125. Nonobstant la présente loi, les dispositions du Code du travail (chapitre C-27) s’appliquent à Hydro-Québec et à ses salariés sur les chantiers Manicouagan, Outardes, Gentilly et Témiscamingue Chute I pour la durée des travaux en cours.
1968, c. 45, a. 69; 1983, c. 15, a. 1.
126. (Abrogé).
1978, c. 58, a. 13; 1993, c. 61, a. 66.
126.0.1. La Commission doit élaborer, après consultation de la Commission des droits de la personne et des droits de la jeunesse, des mesures visant à favoriser l’accès, le maintien et l’augmentation du nombre des femmes sur le marché du travail dans l’industrie de la construction.
Elle doit transmettre au ministre, à sa demande, tout rapport ou autre renseignement concernant l’application du premier alinéa dans le délai et suivant la forme qu’il détermine.
1995, c. 8, a. 44; 1995, c. 27, a. 41.
126.0.2. Des frais de 0,075 $ par heure de travail sont payables à la Commission par toute personne qui lui transmet des contributions et des cotisations aux régimes complémentaires d’avantages sociaux à l’égard d’un employé qui n’est pas un salarié assujetti à la présente loi.
Des frais de 0,075 $ par heure de travail sont payables à la Commission par l’employé visé au premier alinéa; ces frais peuvent être acquittés au moyen d’une retenue sur le salaire de cet employé.
Le présent article prend effet le 26 février 1995. Il conserve son effet jusqu’à l’entrée en vigueur d’un règlement du gouvernement portant sur de semblables frais, pris en vertu du paragraphe 8.1° de l’article 123.
1995, c. 8, a. 44.
126.0.3. (Abrogé).
1997, c. 74, a. 3; 2011, c. 30, a. 69.
126.0.4. Le ministre peut déléguer, généralement ou spécialement, à un membre du personnel de son ministère ou à une personne qu’il désigne, l’exercice des pouvoirs qui lui sont attribués par la présente loi.
1998, c. 46, a. 124.
126.0.5. Le ministre effectue ou fait effectuer, en collaboration avec la Commission, et rend disponible tous les cinq ans une étude sur l’évolution de l’industrie de la construction au Québec.
2011, c. 30, a. 70.
126.1. Le ministre du Travail est chargé de l’application de la présente loi.
1986, c. 89, a. 27; 1994, c. 12, a. 57; 1996, c. 29, a. 43.
127. (Cet article a cessé d’avoir effet le 17 avril 1987).
1982, c. 21, a. 1; R.-U., 1982, c. 11, ann.
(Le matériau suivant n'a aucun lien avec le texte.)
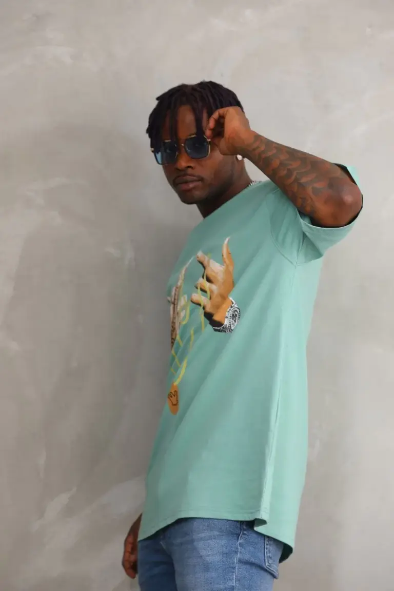 Baskılı T-Shirt Kısa Kol Bisiklet Yaka Rahat Kalıp Tişört – Mint Yeşili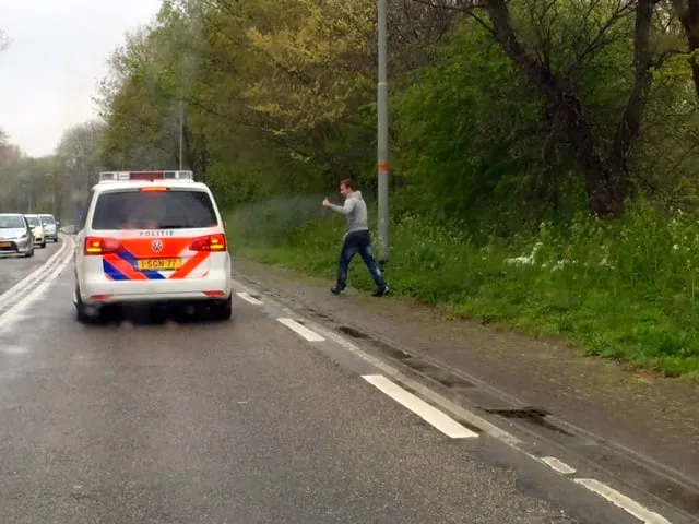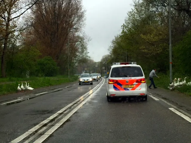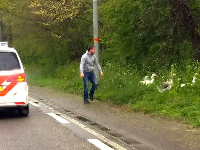Om aanrijdingen met de wandelende vogels te voorkomen stapte één van de wachtende automobilisten uit om de ganzen te begeleiden naar de kant van de weg. Met succes want in een kort tijdsbestek stuurde hij de witte tweevoeters naar de zijkant van de weg en kon iedereen, inclusief een dienstwagen van de politie, zijn weg weer vervolgen.

B, ptie I, a. 33.
ANNEXES ABROGATIVES

Conformément à l’article 17 de la Loi sur la refonte des lois (chapitre R‐3), le chapitre 45 des lois de 1968, tel qu’en vigueur au 31 décembre 1977, à l’exception des articles 60, 61 et 70, est abrogé à compter de l’entrée en vigueur du chapitre R-20 des Lois refondues.

Conformément à l’article 17 de la Loi sur la refonte des lois et des règlements (chapitre R‐3), le paragraphe t de l’article 1, les deuxième et troisième alinéas de l’article 2, le paragraphe b1 du premier alinéa de l’article 32d et le paragraphe 4 de l’article 32s du chapitre 45 des lois de 1968, tels qu’en vigueur au 1er novembre 1980, sont abrogés à compter de l’entrée en vigueur de la mise à jour au 1er novembre 1980 du chapitre R-20 des Lois refondues.